About the Recipe

Ingredients
Preparation
GitHub Repo - https://github.com/huggingface/notebooks
Citing: Huggingfacecourse, 2022
Understanding NLP and LLMs
Important Limitations for LLMs:
Hallucinations: They can generate incorrect information confidently
Lack of true understanding: The lack of true understanding of the world and operate purely on statistical patterns
Bias: They may product biases present in their training data or inputs
Context windows: They have limited context windows
Computational resources: They require significant computational resources
Transformer Types
Zero-shot Classification - allows you to specify which labels to use for a classification, so you don't have to rely on the labels of the pre-trained model.
Text-generation - provide a prompt and the model will auto-complete it by generating the remaining text.
Mask filling - the model will fill in the missing word of a sentence also referred to as a mask token.
Named entity recognition - is a task where the model has to find parts of the input text correspond to entities such as persons, locations, or organizations.
Question answering - model answers questions using information from a given context.
Summarization - a task of reducing a text into a shorted text while keeping all of the important aspects referenced in the text.
Translation - model that translate from one language to another.
Image classification - uses an image to generate description along with a probability score.
Audio classification - uses audio to translate in text.
Transformer History
Transformer architecture was introduced in 2017 with GPT, fine-tuned on various NLP tasks.
Throughout the years, multiple transformer models have been released (BERT, T5, etc.) that have been trained as language models.

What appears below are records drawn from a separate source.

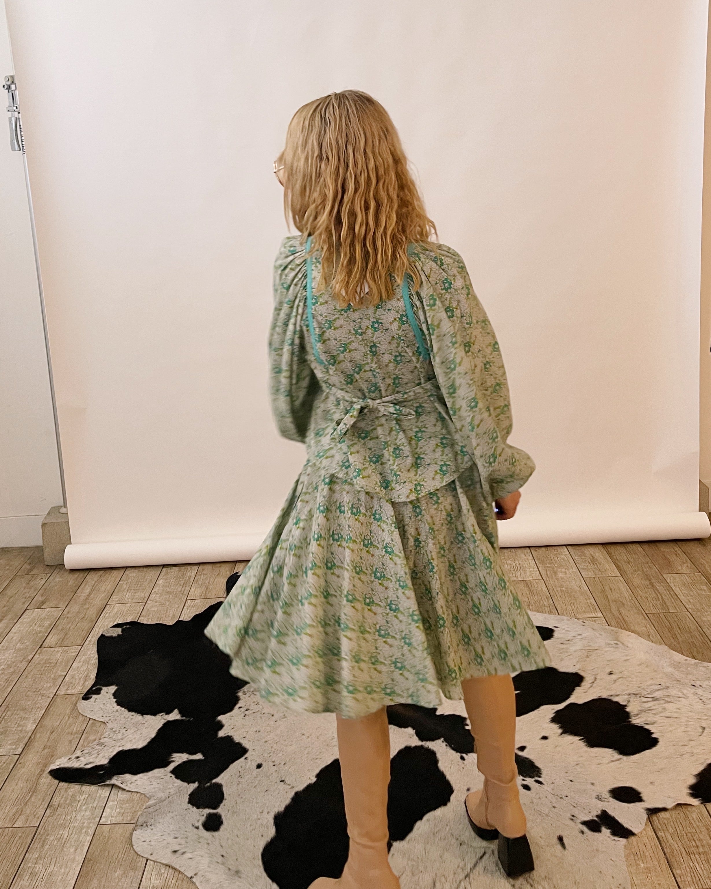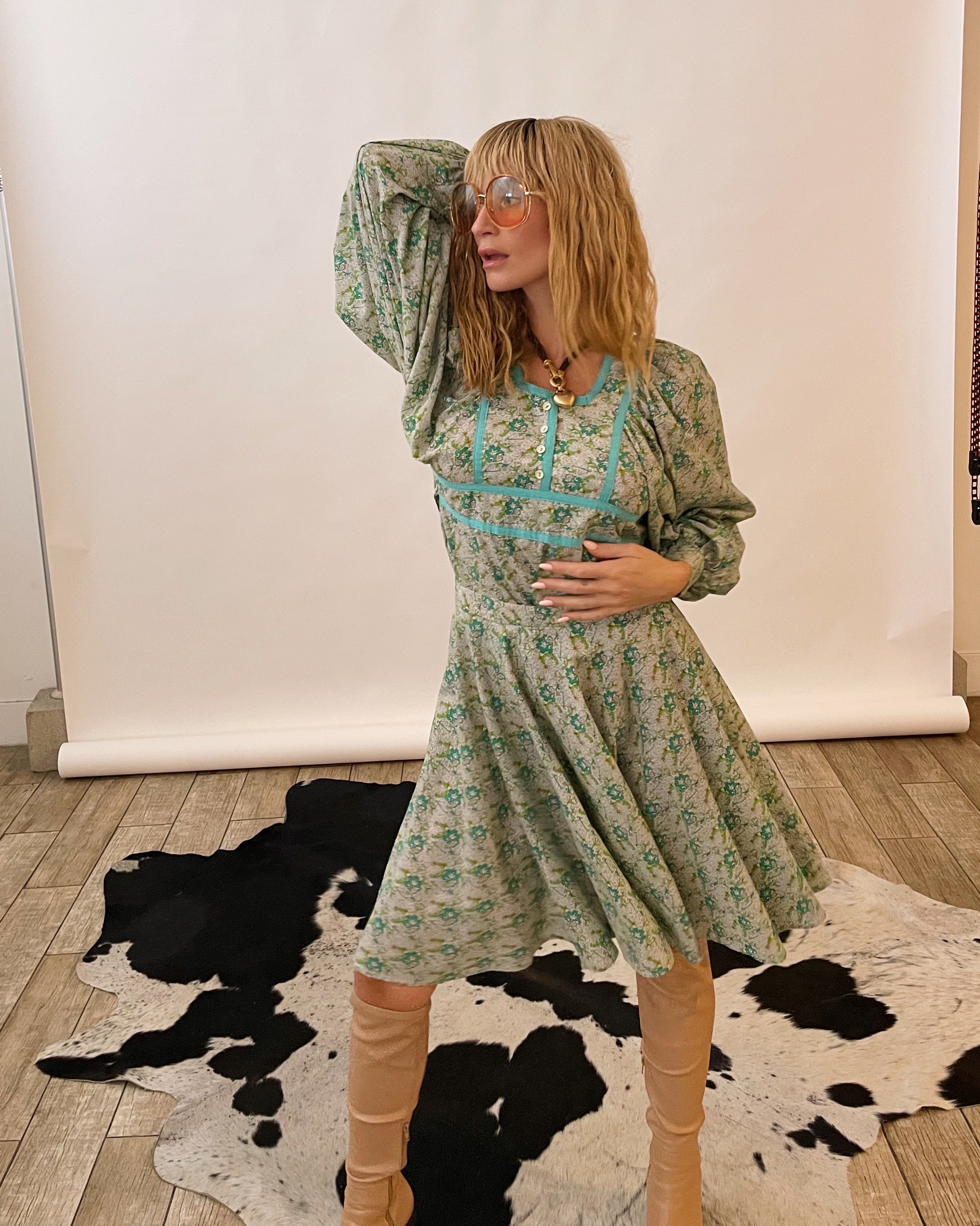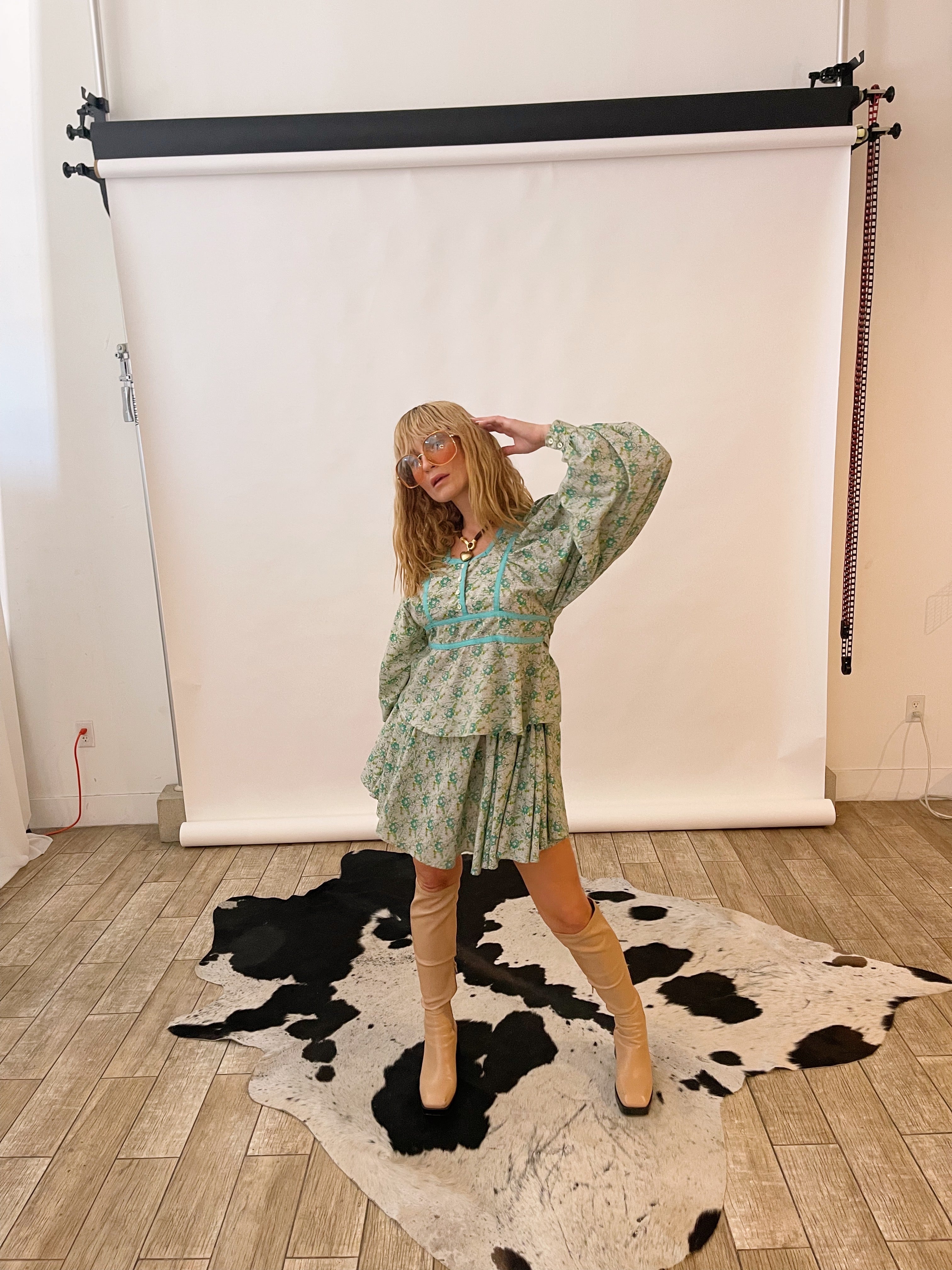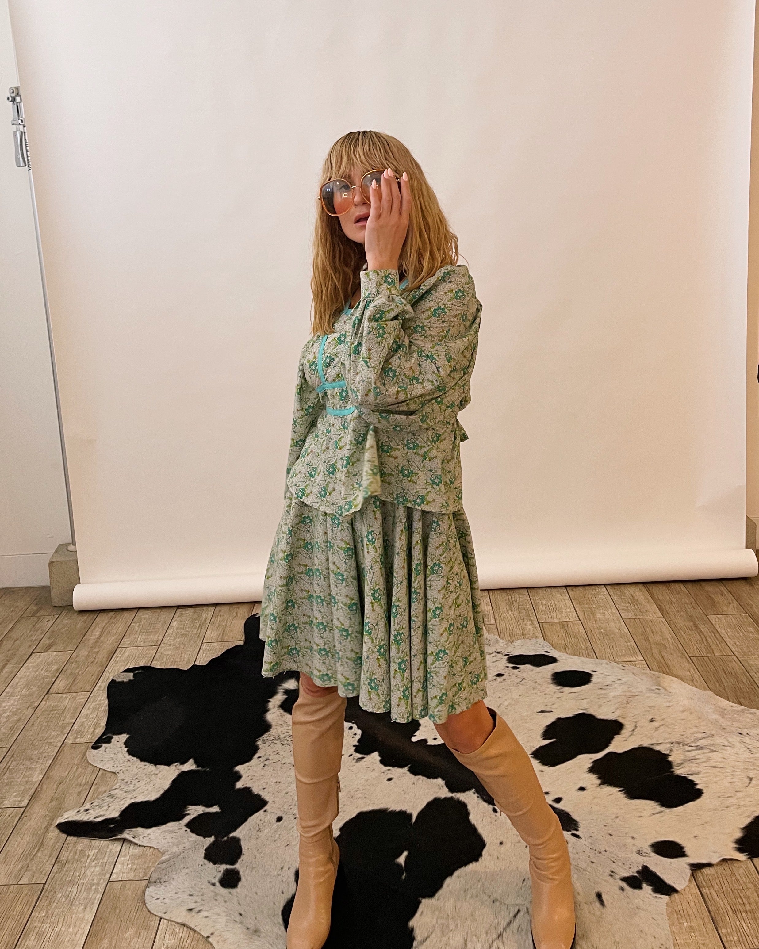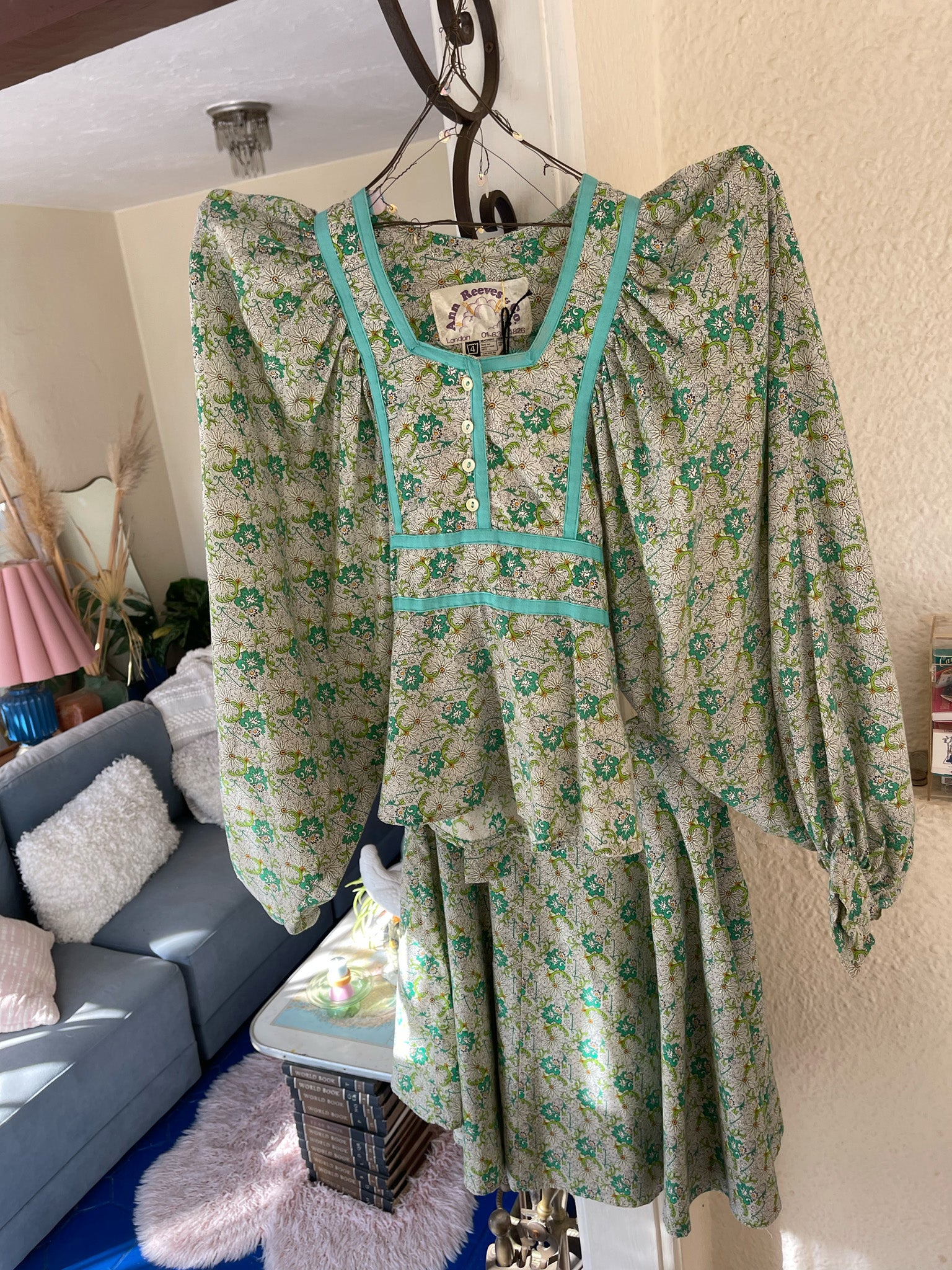 70s daydream — soft mint florals, cloud-sleeve drama, and a twirl-happy skirt that feels straight out of a countryside romance. This rare Ann Reeves set brings all the whimsical, prairie-girl magic with a perfectly structured, London-made twist.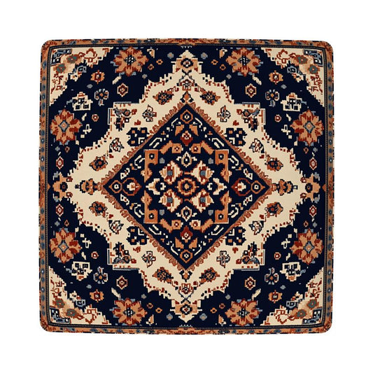 Boho Round Tribal Vanity Stool – Custom Upholstered Pouf Footstool for Bedroom, Living Room, or Entryway Décor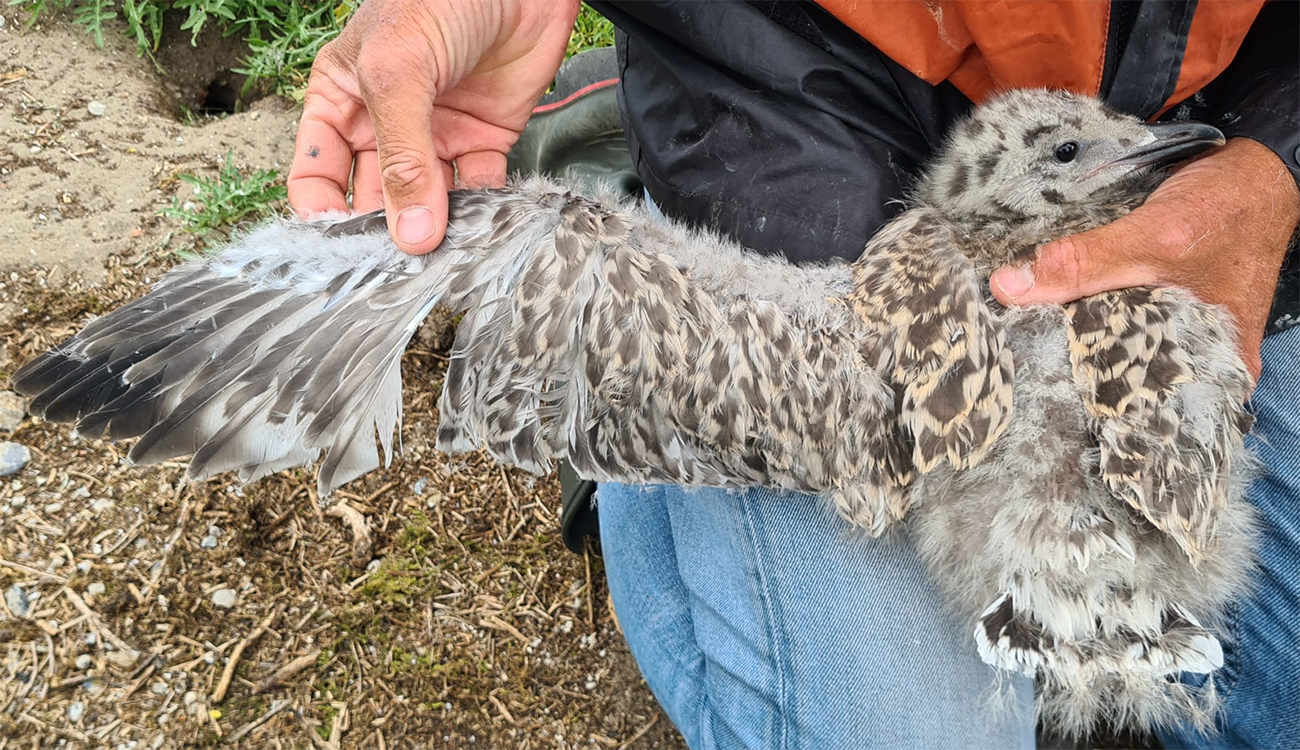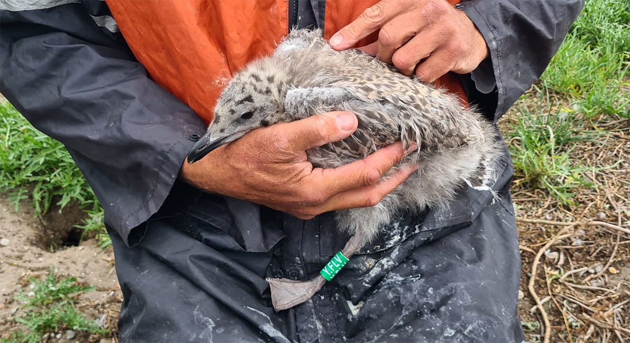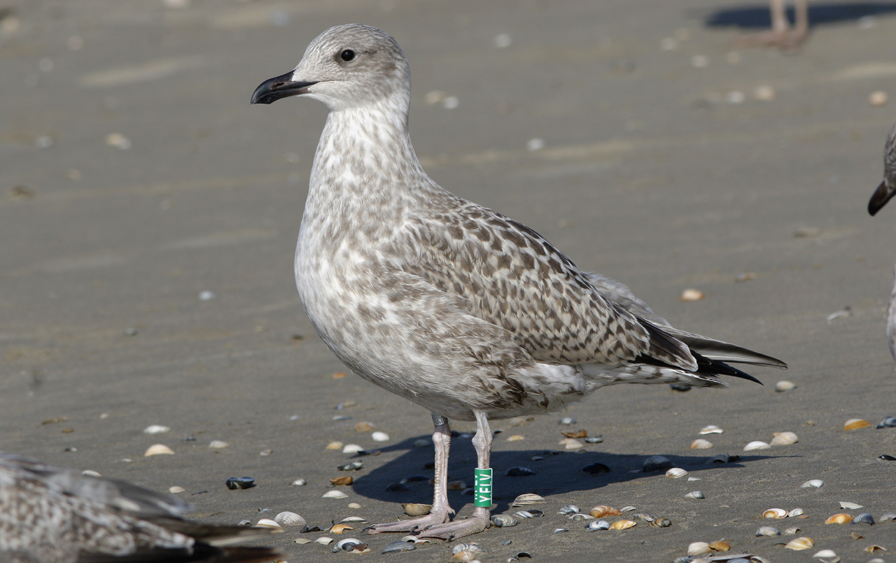below: Herring Gull (argenteus) Y.FLV 1CY, June 23 2025, IJmuiden, the Netherlands. Picture: IJmuiden Ringing Team.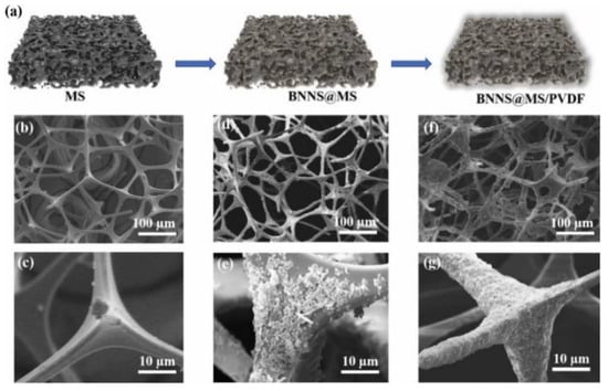 (a) Schematic illustration of BNNS@MS/PVDF, SEM images of: (b,c) MS, (d,e) BNNS@MS, and (f,g) BNNS@MS/PVDF. Reprinted with permission from Ref. [25]. Copyright 2022 Elsevier.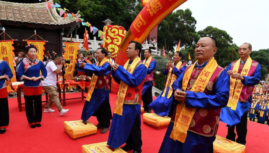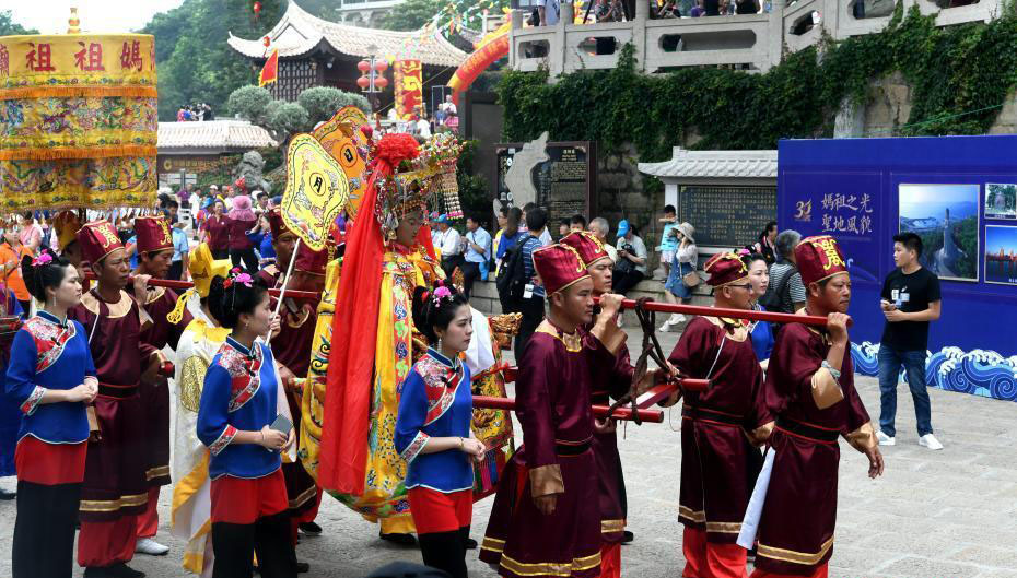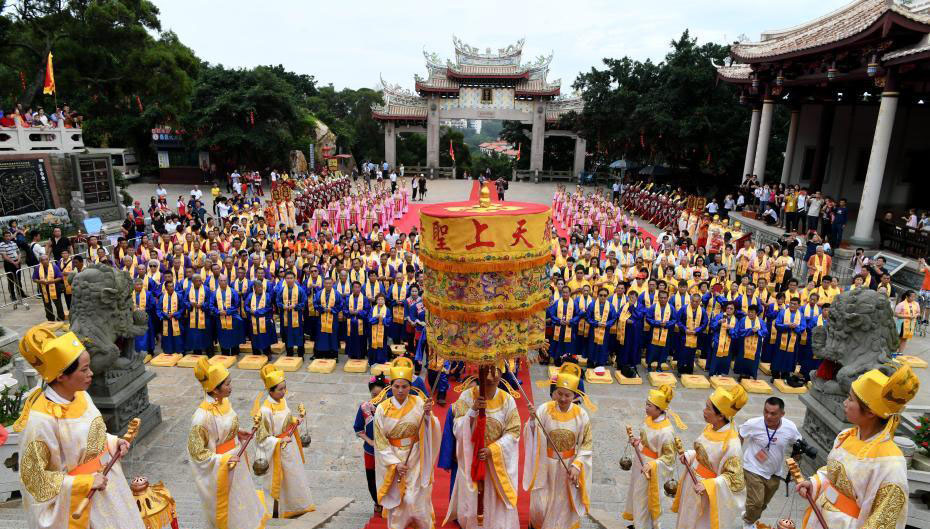 6月9日,來自臺灣的38家媽祖宮廟信眾代表與湄洲島媽祖信眾一起在福建省湄洲島媽祖祖廟共謁媽祖。當(dāng)日,臺灣漁船直航湄洲朝拜媽祖30周年紀(jì)念活動在湄洲島舉行。

This means that they have been trained on large large amounts of raw text in a unsupervised fashion, meaning humans are not needed to label the data.
The general strategy to achieve better performance = increasing models' sizes & amount of data they are pretrained on (with the exception of DistilBERT). It's important to note that this becomes expensive with time and compute resource.

Pretraining
Pretraining is the act of training a model from scratch: the weights are randomly initialized, and the training starts without any prior knowledge. It requires large corpus of data meaning it can take p to several weeks.

Fine-tuning
This is done after a model has been pretrained. To preform fine-tuning, you must first:
Acquire a pretained language model
perform additional training with a dataset specific to your task
Meaning, the amount of time and resources needed to get good results are much lower.

General Transformer architecture
Encoder: receivers an input and builds a representation of its features.
bi-directional
self-attention
Decoder: the decoded uses the encoder's representation (features) along with the other inputs to generate a target sequence.
uni-directional
auto-regressive
masked self-attention
Encoder-only models - good for sentence classification and named entity recognition
Decoder-only models - good for generative tasks such as text generation
Encoder-decoder models (or sequence-to-sequence models) - good for generative tasks that require an input, such as translation or summarization
Attention layers
Attention layers will tell the model to pay specific attention to certain words in the sentence you passed it (and more or less ignore the others) when dealing with the representation of each word. this applies to any tasks associated with natural language.